Merchant will need to learn to accept that.

1) You can simply pirate movies, books, games.  So the ideas that someone will use a Finney attack is somewhat dubious.  Far easier to just launch bittorrent.

2) Even IF the block time was 2 minutes is a paywall going to make user wait 2 minutes?  Really?  The tiny risk is simply not worth it.

3) There is always risk.  1+ confirms can be reversed with significant hashing power.  1000+ confirms can be reversed w/ 51% attack.  No CC transaction is risk free.  Digital goods certainly are more risk for CC than other forms.

I never said 0-confirms are risk free I said that the risk was overblown AND that changing the block time from 10 min to 2 min doesn't materially improve the situation.  Really the only attack vector it helps is against a Finney attack but even there it only helps for merchants who are willing to wait for 2 min block but not a 10 minute block.  Those waiting for 10 minute block are already "safe" and those unwilling to wait 2 min don't gain anything.

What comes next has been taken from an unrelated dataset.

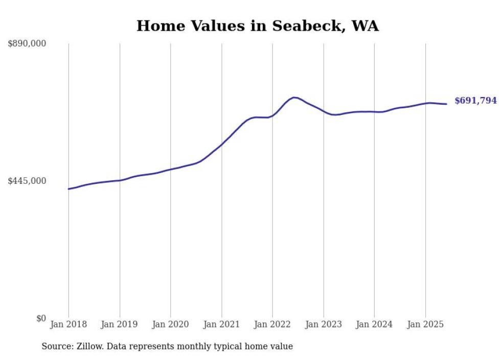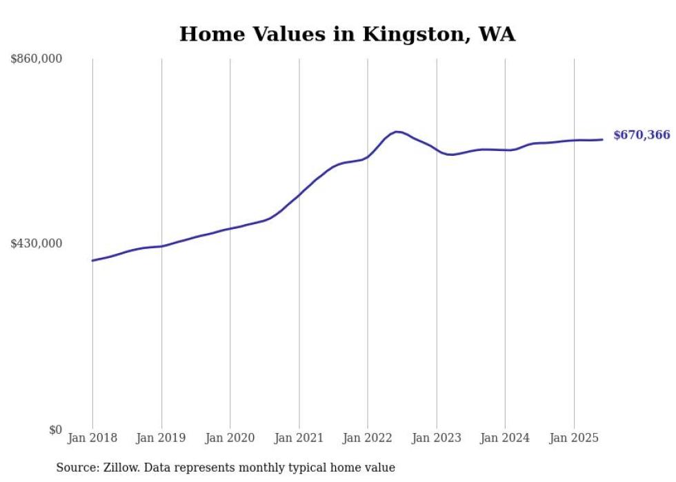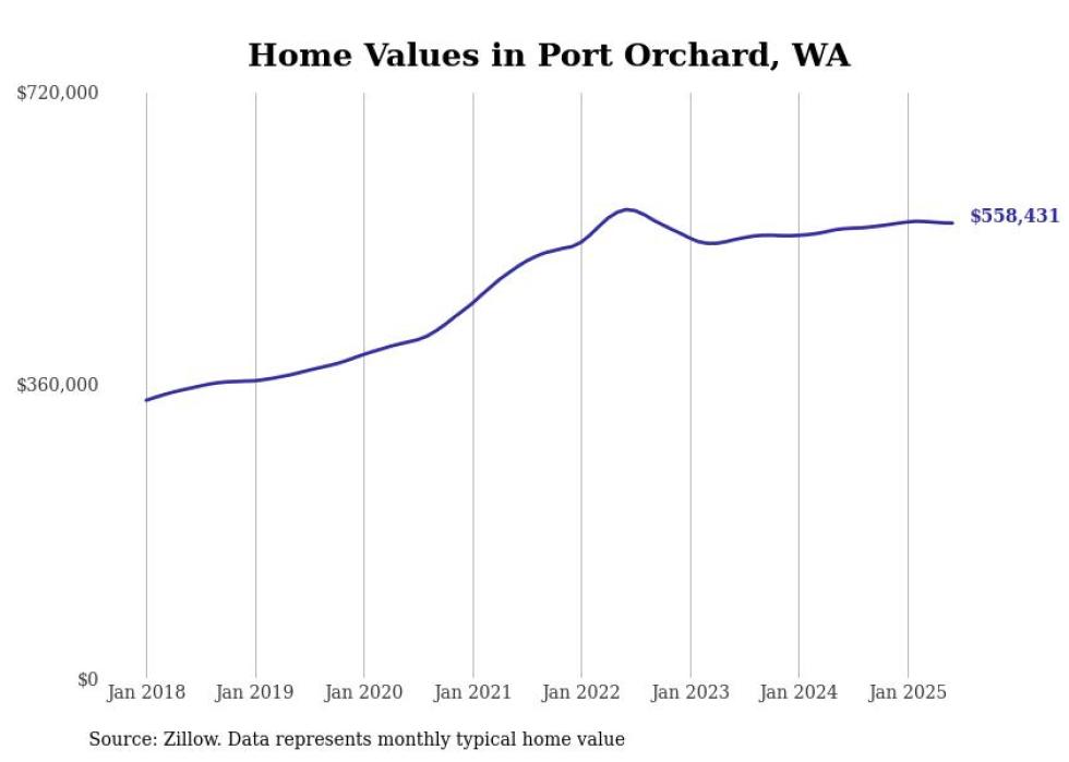 Stacker compiled a list of cities with the most expensive homes in the Bremerton-Silverdale-Port Orchard, WA metro area using data from Zillow. Charts show the monthly typical home value since January 2018.

The reality is life has risk and rather than trying to develop some perfect ultra lock down system with 0.0000000000000000% risk it is better to simply design a system that mitigages risk.  If the fraud cost is 10% of that compared to CC then Bitcoin is a huge improvement.    The goal of a business should be to maximize profit (after fraud which is a cost of doing business) not trying to get fraud zero.